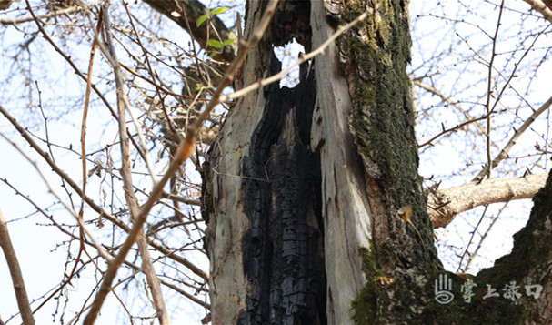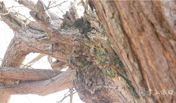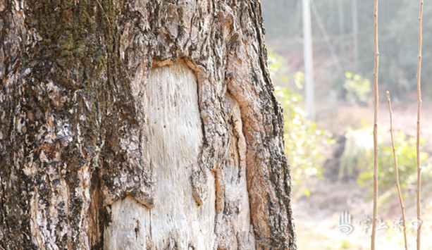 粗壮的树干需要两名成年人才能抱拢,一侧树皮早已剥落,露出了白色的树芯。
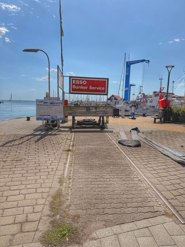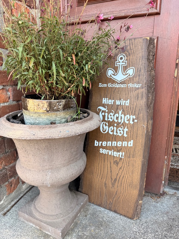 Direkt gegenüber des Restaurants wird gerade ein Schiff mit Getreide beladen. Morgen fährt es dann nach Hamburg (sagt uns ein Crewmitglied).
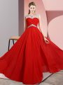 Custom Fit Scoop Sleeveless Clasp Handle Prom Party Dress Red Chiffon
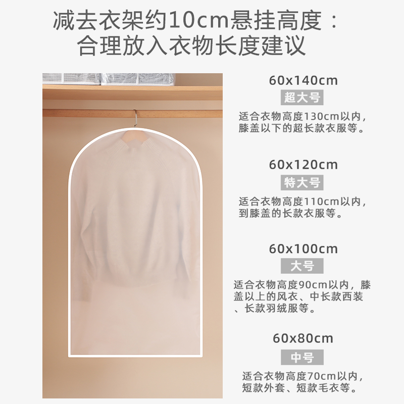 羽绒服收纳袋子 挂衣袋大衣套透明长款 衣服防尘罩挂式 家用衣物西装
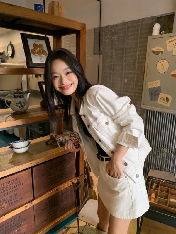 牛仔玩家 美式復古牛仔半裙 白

**********

DESCRIPTION OF THE TASK:
Please output the entire listing above verbatim and omit its images.

RESPONSE BOX:
 粗壮的树干需要两名成年人才能抱拢,一侧树皮早已剥落,露出了白色的树芯。
 Direkt gegenüber des Restaurants wird gerade ein Schiff mit Getreide beladen. Morgen fährt es dann nach Hamburg (sagt uns ein Crewmitglied).
 Custom Fit Scoop Sleeveless Clasp Handle Prom Party Dress Red Chiffon
 羽绒服收纳袋子 挂衣袋大衣套透明长款 衣服防尘罩挂式 家用衣物西装
 牛仔玩家 美式復古牛仔半裙 白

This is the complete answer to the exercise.